SECURITIES AND EXCHANGE COMMISSION

Washington, D.C. 20549

SCHEDULE 13D

Under the Securities Exchange Act of 1934

(Amendment No. 7)*

The Hain Celestial Group, Inc.

(Name of Issuer)

Common Stock, par value $0.01 per share

(Title of Class of Securities)

405217100

(CUSIP Number)

Keith Schaitkin, Esq.

Icahn Capital LP

767 Fifth Avenue, 47 th Floor

New York, New York 10153

(212) 702-4300

(Name, Address and Telephone Number of Person Authorized to

Receive Notices and Communications)

September 3, 2013

(Date of Event which Requires Filing of this Statement)

If the filing person has previously filed a statement on Schedule 13G to report the acquisition that is the subject of this Schedule 13D, and is filing this schedule because of Section 240.13d-1(e), 240.13d-1(f) or 240.13d-1(g), check the following box / /.

NOTE: Schedules filed in paper format shall include a signed original and five copies of the schedule, including all exhibits.

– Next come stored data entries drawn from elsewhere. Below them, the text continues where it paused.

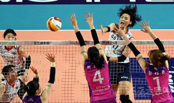 20일 인천 삼선월드체육관에서 ‘2022-2023 도드람 V리그’ 인천 흥국생명과 서울 GS칼텍스의 여자부 경기가 열렸다. GS칼텍스 문지윤이 흥국생명 블로커를 피해 공격을 펼치고 있다.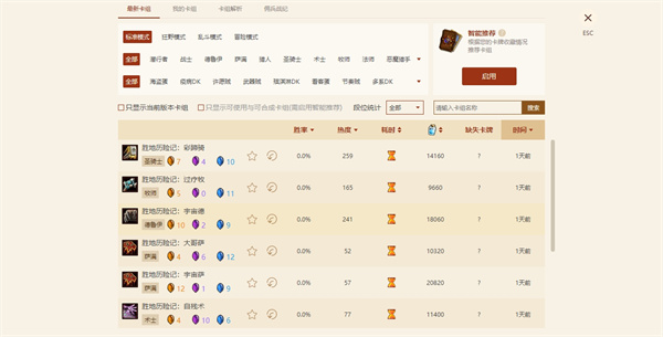 炉石盒子app卡组库与pc版互通,为玩家提供准确的卡组对阵九职业胜率、热度、造价等数据信息进行参考,同时过万套卡组满足不同游戏阶段玩家所有需求。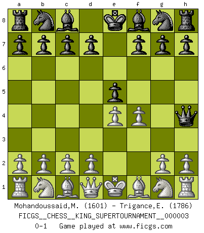 Last move : 0-1 2018 October 17 9:15:1 [Event "FICGS__CHESS__KING_SUPERTOURNAMENT__000003"] [Site "FICGS"] [Date "2018.09.16"] [Round "1"] [White "Mohandoussaid,Malik"] [Black "Trigance,Emile"] [Result "0-1"] [WhiteElo "1601"] [BlackElo "1786"] 1.e4 e5 2.f4 Qh4+ 0-1 This chess game has been lost on time (started : 2018.09.16 2:52:46) King's gambit Player Black won this chess game. Follow this game move after move (download)Every Chess master was once a beginner. (Chernev) Mein erstes Ziel war nicht, die Partie zu gewinnen, sondern eine Figur zu opfern. -- der junge (Wilhelm Steinitz) El jugador blanco perdió porque fallo en recordar la coreccta continuación y tuvo que pensar por sí mismo las movidas. (Siegbert Tarrasch) Ne tendez aucun piège pour le plaisir ! Ne jouez rien dans l'espoir que l'adversaire réagisse de façon stupide ! Prenez toujours pour acquis que l'adversaire va trouver le meilleur coup ! Ne jouez jamais de coup dans l'espoir que l'adversaire ne voie pas la menace ! Chacun de vos coups doit améliorer la position d'une façon ou d'une autre. It's not the will to win, but the will to prepare to win that makes the difference. (Bear Bryant)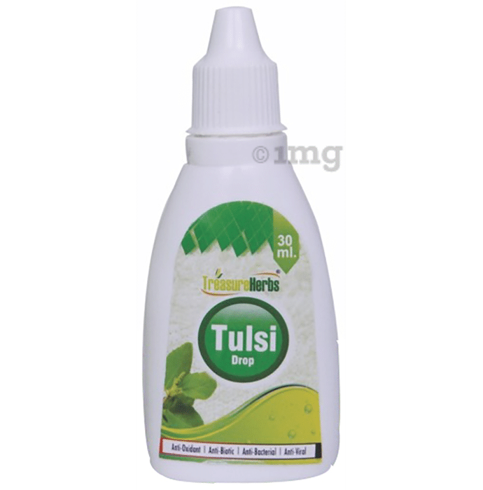 TreasureHerbs Tulsi Drop is antibacterial and suitable for cold and cough. It is formulated with natural ingredients.

See Rule 13d-7 for other parties to whom copies are to be sent.

*The remainder of this cover page shall be filled out for a reporting person's initial filing on this form with respect to the subject class of securities, and for any subsequent amendment containing information which would alter disclosures provided in a prior cover page.

The information required on the remainder of this cover page shall not be deemed to be "filed" for the purpose of Section 18 of the Securities Exchange Act of 1934 ("Act") or otherwise subject to the liabilities of that section of the Act but shall be subject to all other provisions of the Act (however, see the Notes).

SCHEDULE 13D

Item 1. Security and Issuer

The Schedule 13D filed with the Securities and Exchange Commission on May 13, 2010, and amended by the Amendment No. 1 to the Schedule 13D filed on May 24, 2010, Amendment No. 2 to the Schedule 13D filed on July 7, 2010, Amendment No. 3 to the Schedule 13D filed on August 10, 2010, Amendment No. 4 to the Schedule 13D filed on September 14, 2010, Amendment No. 5 to the Schedule 13D filed on December 1, 2010 and Amendment No. 6 to the Schedule 13D filed on February 2, 2011 by the Reporting Persons (together, the “Schedule 13D”) with respect to the shares of Common Stock, par value $0.01 (the “Shares”) issued by The Hain Celestial Group, Inc. (the “Issuer”) is hereby amended to furnish the additional information set forth herein. All capitalized terms contained herein but not otherwise defined shall have the meanings ascribed to such terms in the Schedule 13D.

Item 4. Purpose of Transaction

Item 4 of the Schedule D is hereby amended to add the following:

On September 3, 2013, the Reporting Persons informed the Issuer that the Reporting Persons are selling 3,650,000 Shares to Jefferies LLC, as the underwriter in a registered public offering of such shares. A copy of the Issuer’s press release announcing the sale of Shares by the Reporting Persons is filed herewith as an exhibit.

Item 7. Material to be Filed as Exhibits

1 Issuer Press Release

SIGNATURE

After reasonable inquiry and to the best of each of the undersigned knowledge and belief, each of the undersigned certifies that the information set forth in this statement is true, complete and correct.

Dated: September 3, 2013

ICAHN PARTNERS MASTER FUND LP

ICAHN PARTNERS MASTER FUND II LP

ICAHN PARTNERS MASTER FUND III LP

ICAHN OFFSHORE LP

ICAHN PARTNERS LP

ICAHN ONSHORE LP

BECKTON CORP.

HOPPER INVESTMENTS LLC

BARBERRY CORP.

HIGH RIVER LIMITED PARTNERSHIP

By: Hopper Investments LLC, general partner

By: Barberry Corp.

By: /s/ Edward E. Mattner

Name: Edward E. Mattner

Title: Authorized Signatory

ICAHN CAPITAL LP

By: IPH GP LLC, its general partner

By: Icahn Enterprises Holdings L.P., its sole member

By: Icahn Enterprises G.P. Inc., its general partner

IPH GP LLC

By: Icahn Enterprises Holdings L.P., its sole member

By: Icahn Enterprises G.P. Inc., its general partner

ICAHN ENTERPRISES HOLDINGS L.P.

By: Icahn Enterprises G.P. Inc., its general partner

ICAHN ENTERPRISES G.P. INC.

By: /s/ SungHwan Cho

Name: SungHwan Cho

Title: Chief Financial Officer

/s/ Carl C. Icahn

CARL C. ICAHN

[Signature Page of Schedule 13D Amendment No. 7 – The Hain Celestial Group, Inc.]